In fact, at a 1988 meeting, the issue of the benzene contamination was discussed with federal, state and Lejeune environmental officials: A contractor described the water as so toxic that "you don't want to touch that water."
The Bush Administration TCE Delay
Recent news reports focus on benzene, but there are also questions about the TCE contamination at Camp Lejeune that I wrote about in 2007. After "massive underground plumes" of TCE were "discovered in the nation's water supplies," senior EPA scientists conducted a 4-year study and issued a preliminary risk assessment in 2001 that TCE was 2 to 40 times more likely to cause cancer than previously believed. In the mid-1980s, it was "first classified as a probable carcinogen."
Instead of imposing tough standards to limit public exposure to TCE, the EPA battled the Pentagon, Energy Dept. and NASA which appealed directly to the Bush White House for protection because each agency had contaminated sites. It was a battle of the military manufacturing "unwarranted scientific doubt" to delay and reduce protections.
A key role in delay was played by the White House's anti-EPA "working group" which included officials from Pentagon, Energy Dept. and NASA and was "co-chaired by officials in the Office of Management and Budget and the White House Office of Science and Technology Policy." This working group fought the TCE risk assessment by deciding that the National Academy of Sciences should conduct another study after White House staff and the EPA briefed it on "how to evaluate TCE."

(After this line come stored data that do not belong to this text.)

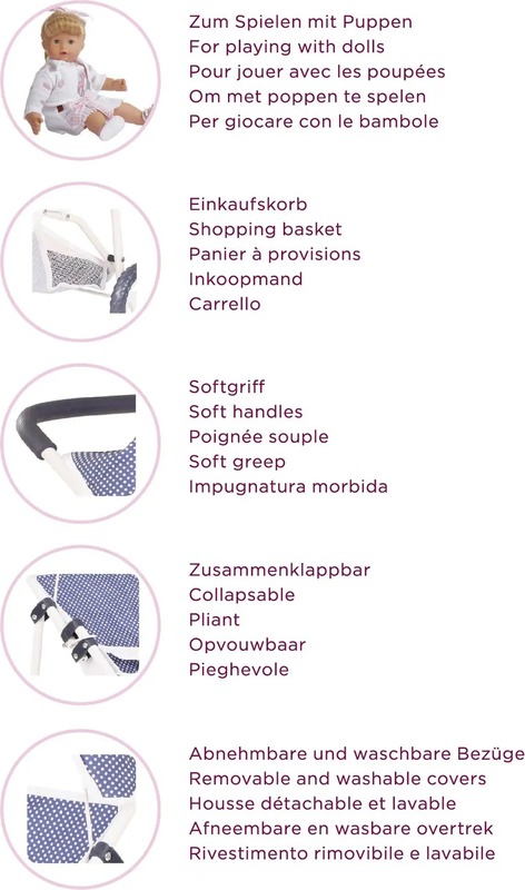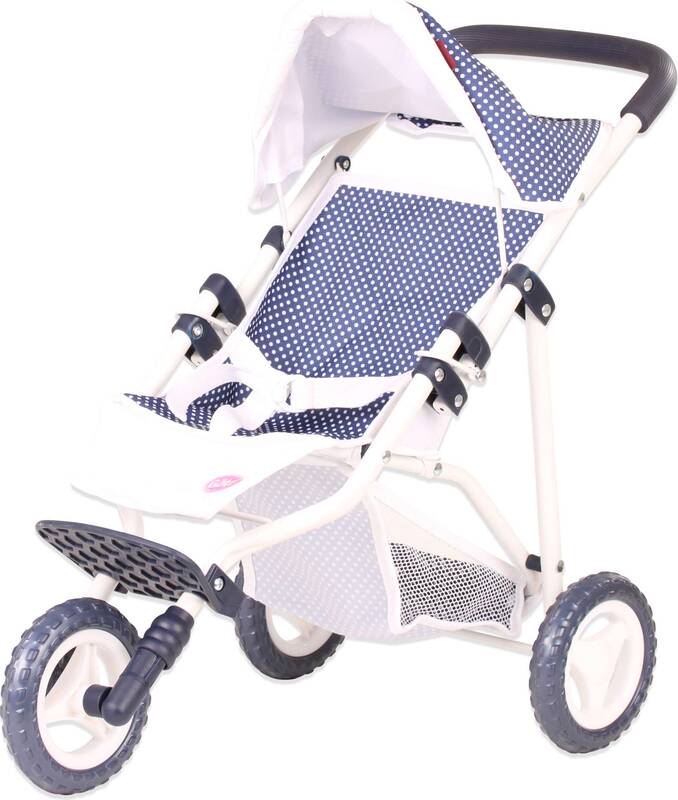 Tento štýlový kočík pre bábiky s veselými bodkami je náš najmenší model z ponuky športových kočíkov. Má slnečnú striešku a mäkkú rukoväť, vďaka čomu sa pohodlne tlačí. Nájdete tu aj sieťovaný nákupný košík, ktorý umožní mamičkám a oteckom bábik ľahko si uložiť všetky svoje veci. Jednoducho vložte svoju bábiku do kočíka a môžete vyraziť.
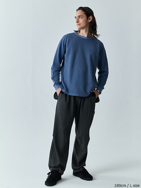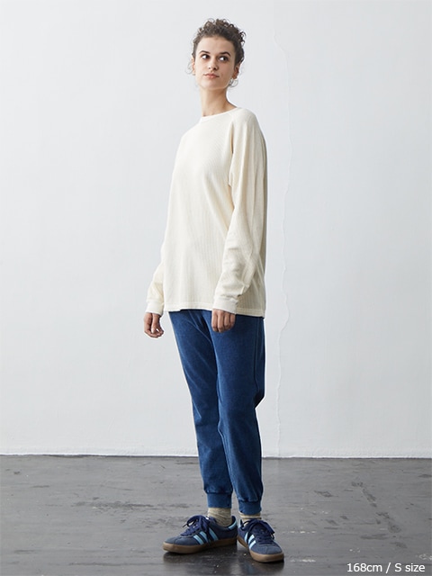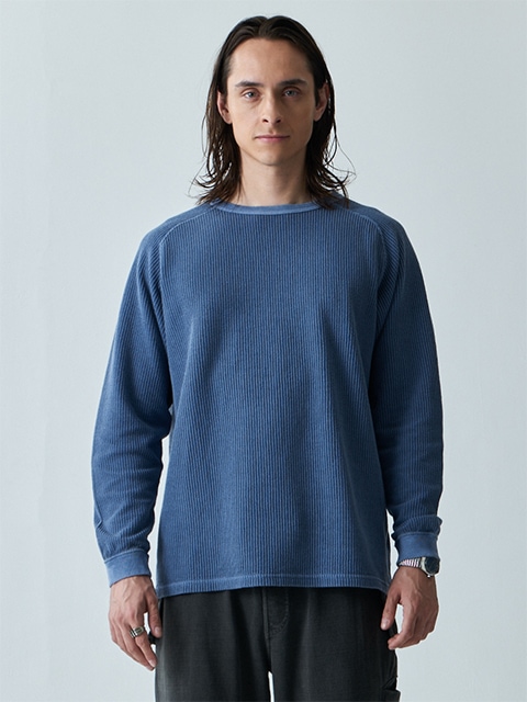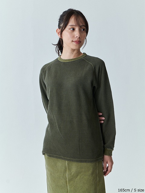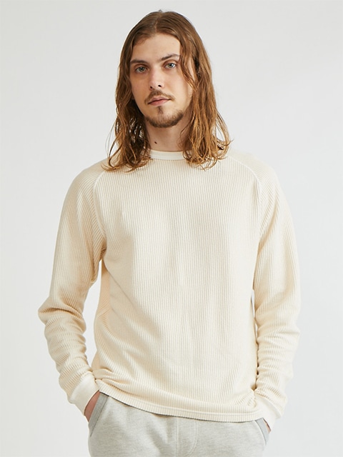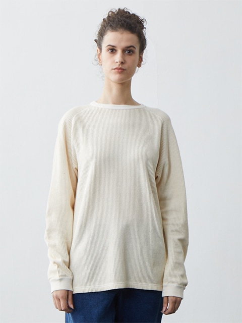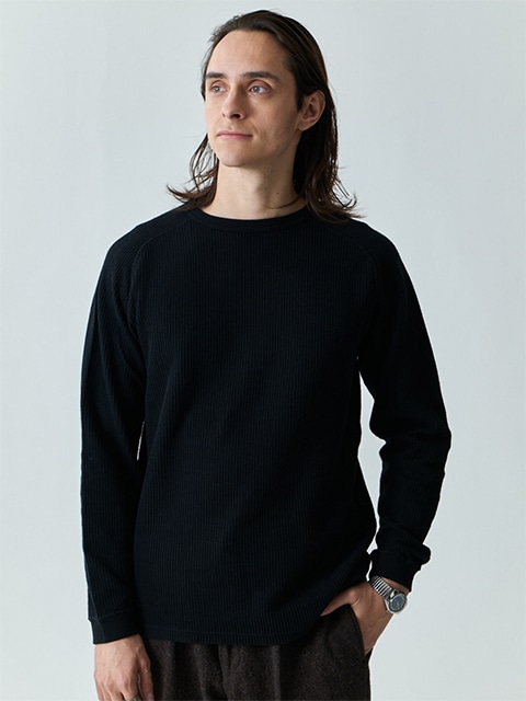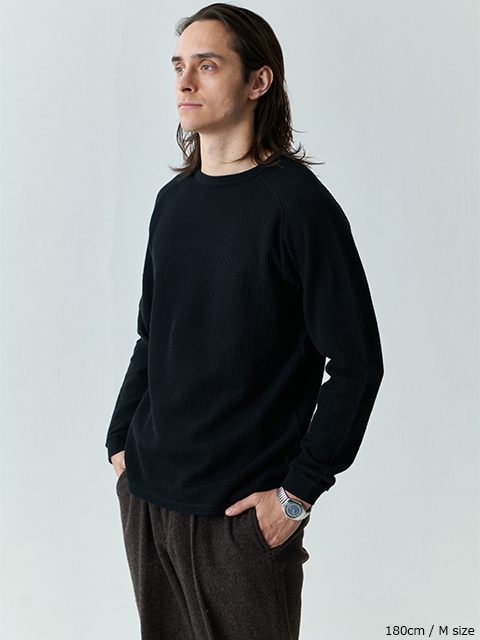 티셔츠의 내구성과 니트의 부드러운 질감을 겸비한 소재입니다. 라글란 소매로 움직임이 편안합니다.
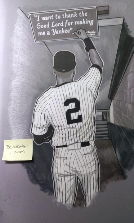 Derek Jeter:: tapping sign. Original art on 11x17 Gray Tonal paper, Ink, color pencils & acrylic paint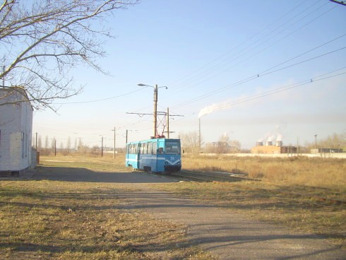 Павлодарский трамвай. Вагон на конечной станции «РМЦ».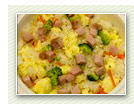 Rice, Pork, Egg, Onion, Flour, Soy Sauce, Green Onion, Carrots, Cabbages, Broccoli and Canola Oil |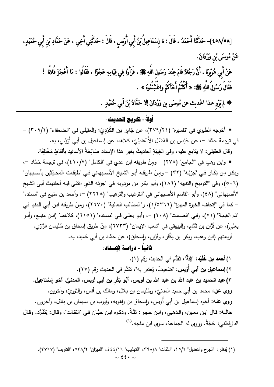 [٥٨/ ٤٥٨]- حَدَّثَنَا أَحْمَدُ، قَالَ: نا إِسْمَاعِيلُ بْنُ أَبِي أُوَيْسٍ، قَالَ: حَدَّثَنِي أَخِي، عَنْ حَمَّادِ بْنِ أَبِي حُمَيْدٍ، عَنْ مُوسَى بْنِ وَرْدَانَ.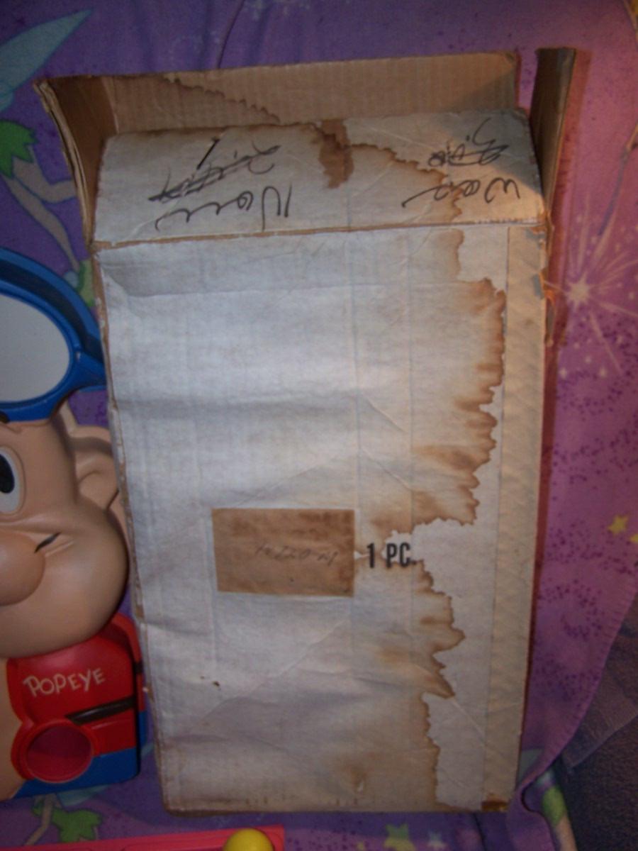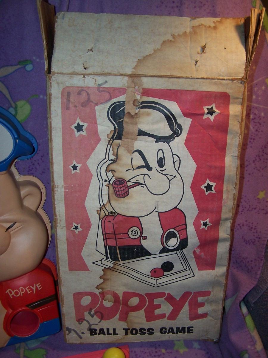 GREAT OLD TOY/GAME!!! POPEYE IS CELLULOID AND IS 20'' TALL.... THE BOX HAS WATER STAINS/DAMAGE...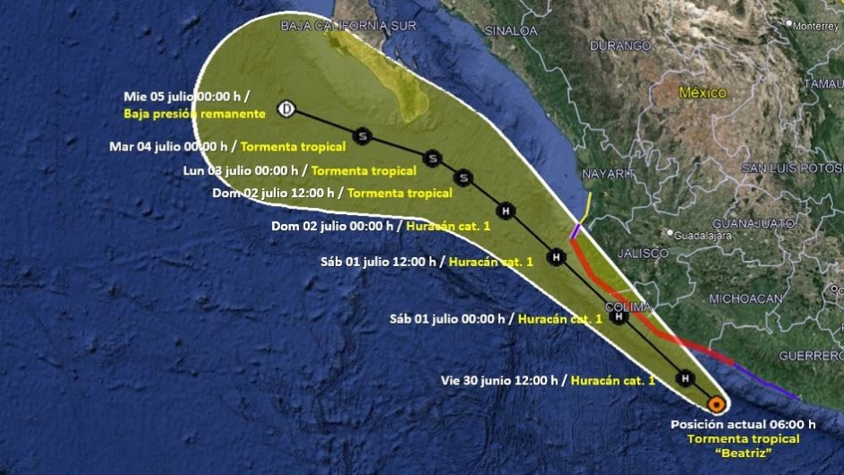 (CNN Español) — La tormenta tropical Beatriz, formada el jueves 29 de junio frente a las costas del occidente de México, en el océano Pacífico, se desplaza hacia el oeste-noroeste a 20 km/h y llevará lluvias torrenciales a los estados de Jalisco, Colima, Michoacán y Guerrero y lluvias intensas a Oaxaca y Chiapas, según informa el Servicio Meteorológico Nacional de México.

The Pentagon demanded more proof that TCE causes cancer even though 6 state, federal and international agencies classified TCE as a "probable carcinogen" and California classified as a "known carcinogen." In the summer of 2006, the new review concluded that the EPA was correct and that "evidence on cancer and other health risks from TCE exposure has strengthened since 2001," when the EPA issued its assessment.
During these years of delay alone, more civilians and soldiers were exposed to a "World Trade Center in slow motion."